**WHAT TO PRODUCE**
Copy exactly the lines of the material below that run from the one containing "Contents I Getting" through the one containing "Допускать перегрузки учеников, определяя". Copy no other lines.

**INFORMATION GIVEN**
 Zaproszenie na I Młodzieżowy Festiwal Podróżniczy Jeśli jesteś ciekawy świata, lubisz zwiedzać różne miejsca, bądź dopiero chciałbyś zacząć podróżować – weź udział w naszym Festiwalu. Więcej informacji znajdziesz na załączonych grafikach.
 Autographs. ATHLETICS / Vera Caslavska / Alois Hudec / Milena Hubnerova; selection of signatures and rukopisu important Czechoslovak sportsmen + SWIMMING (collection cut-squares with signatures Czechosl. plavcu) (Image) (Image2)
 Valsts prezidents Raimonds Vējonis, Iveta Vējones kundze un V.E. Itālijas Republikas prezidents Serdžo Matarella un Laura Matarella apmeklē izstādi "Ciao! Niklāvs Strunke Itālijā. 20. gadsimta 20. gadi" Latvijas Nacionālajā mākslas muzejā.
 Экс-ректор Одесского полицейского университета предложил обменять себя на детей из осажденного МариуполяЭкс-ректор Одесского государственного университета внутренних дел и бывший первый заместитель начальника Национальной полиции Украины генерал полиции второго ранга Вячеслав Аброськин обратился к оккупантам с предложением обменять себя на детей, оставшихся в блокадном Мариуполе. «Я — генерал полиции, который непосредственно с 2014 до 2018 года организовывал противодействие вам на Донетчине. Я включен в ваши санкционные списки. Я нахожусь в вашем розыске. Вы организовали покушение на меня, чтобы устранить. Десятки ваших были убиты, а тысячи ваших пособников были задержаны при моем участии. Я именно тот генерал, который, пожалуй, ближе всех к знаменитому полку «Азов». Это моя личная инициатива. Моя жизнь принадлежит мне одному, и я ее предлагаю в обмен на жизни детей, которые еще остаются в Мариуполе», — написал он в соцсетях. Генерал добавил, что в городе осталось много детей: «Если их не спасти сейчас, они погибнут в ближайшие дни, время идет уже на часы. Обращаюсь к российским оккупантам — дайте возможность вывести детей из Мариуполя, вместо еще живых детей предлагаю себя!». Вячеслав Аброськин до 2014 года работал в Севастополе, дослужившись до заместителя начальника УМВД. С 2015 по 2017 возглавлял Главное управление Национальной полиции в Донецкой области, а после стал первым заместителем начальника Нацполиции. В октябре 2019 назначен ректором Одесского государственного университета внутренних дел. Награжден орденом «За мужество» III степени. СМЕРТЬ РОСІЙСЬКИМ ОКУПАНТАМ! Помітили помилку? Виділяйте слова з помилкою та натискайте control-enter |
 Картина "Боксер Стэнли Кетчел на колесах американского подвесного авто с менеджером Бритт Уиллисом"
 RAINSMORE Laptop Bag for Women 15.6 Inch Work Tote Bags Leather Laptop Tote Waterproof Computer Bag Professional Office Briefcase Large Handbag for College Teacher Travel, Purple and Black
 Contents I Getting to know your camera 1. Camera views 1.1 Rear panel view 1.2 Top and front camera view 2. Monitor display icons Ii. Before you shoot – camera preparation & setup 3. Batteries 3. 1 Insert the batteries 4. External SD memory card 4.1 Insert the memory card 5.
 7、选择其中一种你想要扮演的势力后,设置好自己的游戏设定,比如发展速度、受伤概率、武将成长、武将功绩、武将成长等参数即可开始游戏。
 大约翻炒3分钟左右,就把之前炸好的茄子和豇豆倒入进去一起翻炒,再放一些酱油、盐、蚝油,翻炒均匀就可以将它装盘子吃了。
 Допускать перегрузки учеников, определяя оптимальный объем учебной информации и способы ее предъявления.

---

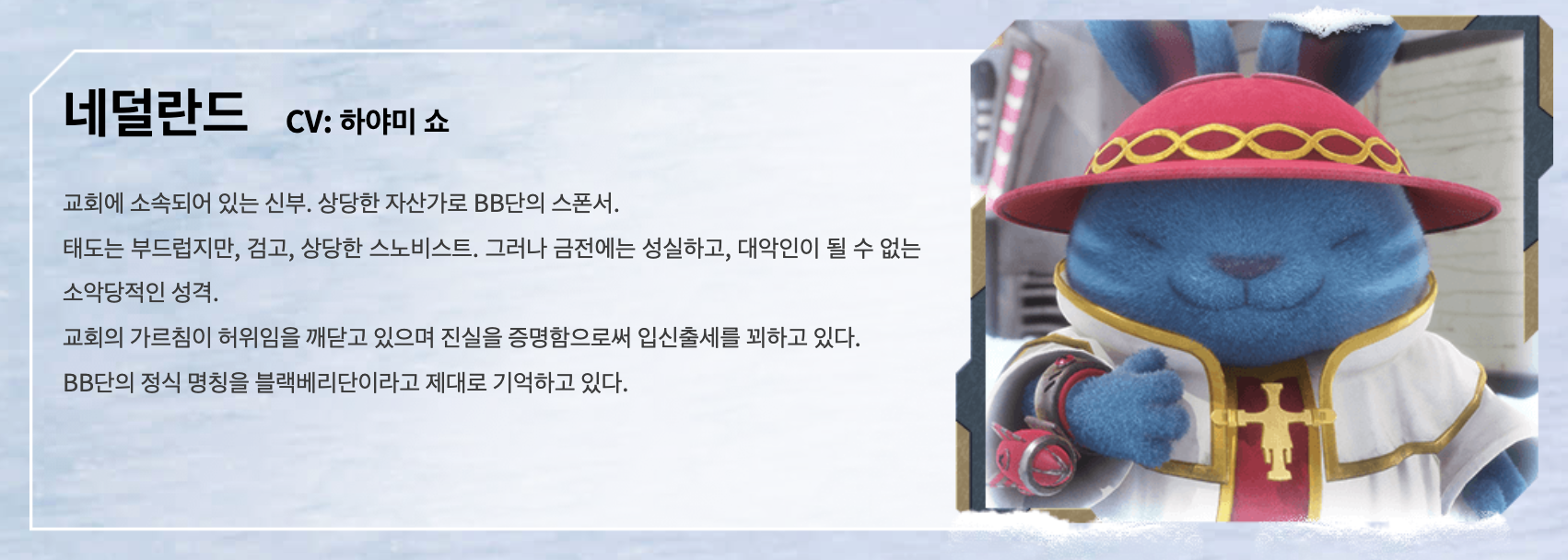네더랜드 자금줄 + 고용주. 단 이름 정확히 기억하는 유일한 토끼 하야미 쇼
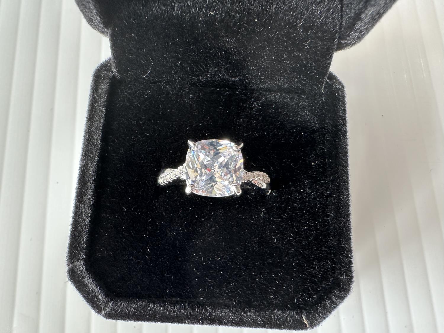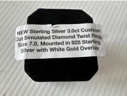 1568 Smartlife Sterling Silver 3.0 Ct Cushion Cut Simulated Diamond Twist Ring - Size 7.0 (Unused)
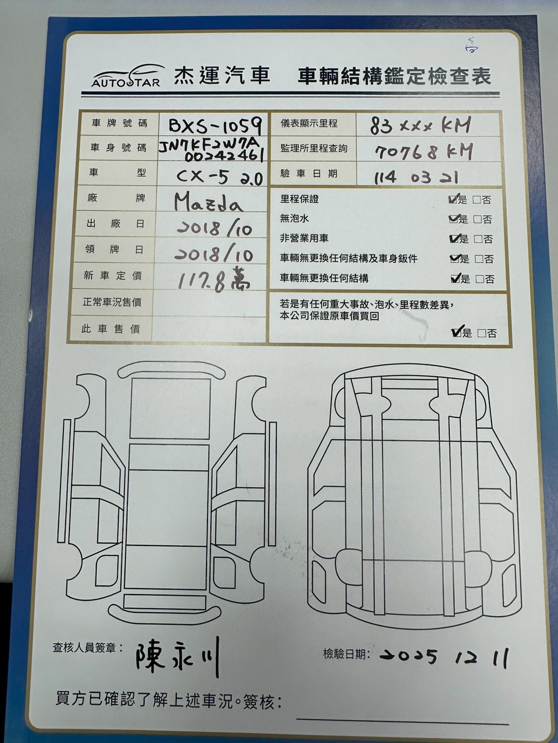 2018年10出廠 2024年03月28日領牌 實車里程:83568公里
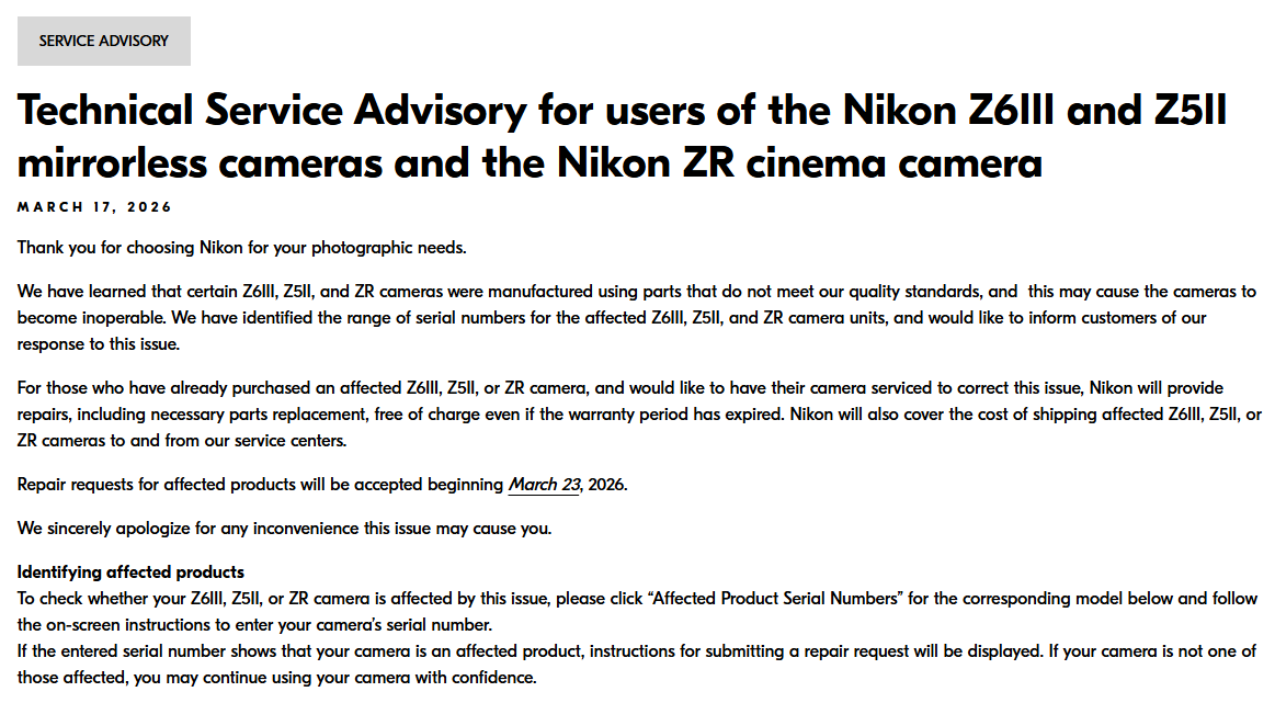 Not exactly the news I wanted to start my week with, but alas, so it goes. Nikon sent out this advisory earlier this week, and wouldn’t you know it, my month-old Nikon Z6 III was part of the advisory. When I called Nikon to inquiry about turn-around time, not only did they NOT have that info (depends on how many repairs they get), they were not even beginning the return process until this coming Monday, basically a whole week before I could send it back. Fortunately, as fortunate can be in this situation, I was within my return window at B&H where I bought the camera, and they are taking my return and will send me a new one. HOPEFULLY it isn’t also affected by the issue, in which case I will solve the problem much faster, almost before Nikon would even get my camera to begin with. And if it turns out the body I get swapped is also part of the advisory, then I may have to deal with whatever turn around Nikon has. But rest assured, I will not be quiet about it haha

---

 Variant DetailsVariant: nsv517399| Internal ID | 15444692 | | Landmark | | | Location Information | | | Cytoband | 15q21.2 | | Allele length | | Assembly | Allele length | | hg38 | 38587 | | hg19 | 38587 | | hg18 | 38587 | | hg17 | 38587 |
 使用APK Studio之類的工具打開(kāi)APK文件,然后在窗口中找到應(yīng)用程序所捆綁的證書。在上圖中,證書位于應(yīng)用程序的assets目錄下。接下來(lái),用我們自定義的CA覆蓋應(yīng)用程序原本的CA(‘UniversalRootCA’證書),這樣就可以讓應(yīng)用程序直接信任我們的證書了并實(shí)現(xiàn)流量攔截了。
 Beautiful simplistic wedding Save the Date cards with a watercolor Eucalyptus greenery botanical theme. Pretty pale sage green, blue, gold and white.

**RESULT OF THE TASK**
 Contents I Getting to know your camera 1. Camera views 1.1 Rear panel view 1.2 Top and front camera view 2. Monitor display icons Ii. Before you shoot – camera preparation & setup 3. Batteries 3. 1 Insert the batteries 4. External SD memory card 4.1 Insert the memory card 5.
 7、选择其中一种你想要扮演的势力后,设置好自己的游戏设定,比如发展速度、受伤概率、武将成长、武将功绩、武将成长等参数即可开始游戏。
 大约翻炒3分钟左右,就把之前炸好的茄子和豇豆倒入进去一起翻炒,再放一些酱油、盐、蚝油,翻炒均匀就可以将它装盘子吃了。
 Допускать перегрузки учеников, определяя оптимальный объем учебной информации и способы ее предъявления.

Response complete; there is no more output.